A protein that helps cells stick together can help identify breast cancer victims with a high risk of the disease lethally spreading to other parts of the body, researchers revealed.

Low levels of the protein E-cadherin appear to be the single most important factor predicting highly malignant breast cancer.

Adding the protein to other indicators has enabled doctors to distinguish patients with a 90% chance of surviving 14 years from those whose odds of remaining alive are only 44%.

The discovery could help cancer specialists decide which women should be given intense chemotherapy to halt the spread of breast cancer.

For those not at risk, chemotherapy and its serious side effects could be reduced or even withdrawn.

It is not breast cancer itself that kills but the spread of tumour cells to other sites, especially the liver and brain.

Surgeons can remove the initial tumour, while radiation is effective in treating disease that has reached nearby lymph nodes.

But chemotherapy intended to prevent distant metastases - spread of the disease around the body - is not always effective and has severe side effects.

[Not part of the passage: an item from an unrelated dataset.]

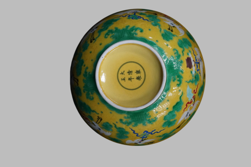 这件是清雍正黄地粉彩仙鹤纹碗,雍正朝是粉彩瓷的"成熟巅峰期”,敞口深腹圈足碗,器型线条柔美、比例协调(雍正瓷的标志性“秀雅”器型);胎体为“糯米胎”,细腻洁白(迎光透影);釉面是 “柠檬黄地”(雍正黄釉发色均匀莹润,为宫廷专用色)。雍正粉彩工艺的标杆:黄地粉彩是雍正朝创新的复合工艺,此碗是 "淡雅精致”风格的典型代表,奠定了后世粉彩的审美基调。

Only 20 to 30% of women with lymph-node negative breast cancer will develop metastatic disease. But standard methods of assessing the risk of spreading breast cancer from the size and grade of tumour, the presence of oestrogen receptors and the proportion of dividing cells, are notoriously inaccurate.

The research team at the University of Chicago has spent years looking for "biomarker" proteins providing clues about spreading breast cancer.

Two other markers have already been found - low levels of a protein called nm23 and the growth of new blood microvessels feeding the tumour. Both these factors increase the risk of breast cancer spreading.

Abnormally low levels of E-cadherin, however, indicate a substantially increased risk of metastasis.

The protein is involved in cell-to-cell adhesion and also acts to suppress the invasive character of cancer cells. As cancerous cells become more invasive, they produce less E-cadherin.

The findings were published yesterday in the journal Cancer Research. Professor Samuel Hellman, the paper's co-author, said: "The additional information we can now derive from tumour biomarkers such as E-cadherin, nm23 and microvessel counts should begin to allow us to tailor therapy according to individual tumour types.

"Two thirds of node-negative patients will never develop metastases, even without chemotherapy. As we find more and more biomarkers that can predict which patients those will be, we can eliminate the unnecessary morbidity (illness) caused by treating patients who are well and perhaps increase the intensity of therapy in patients who are at high risk of metastatic disease."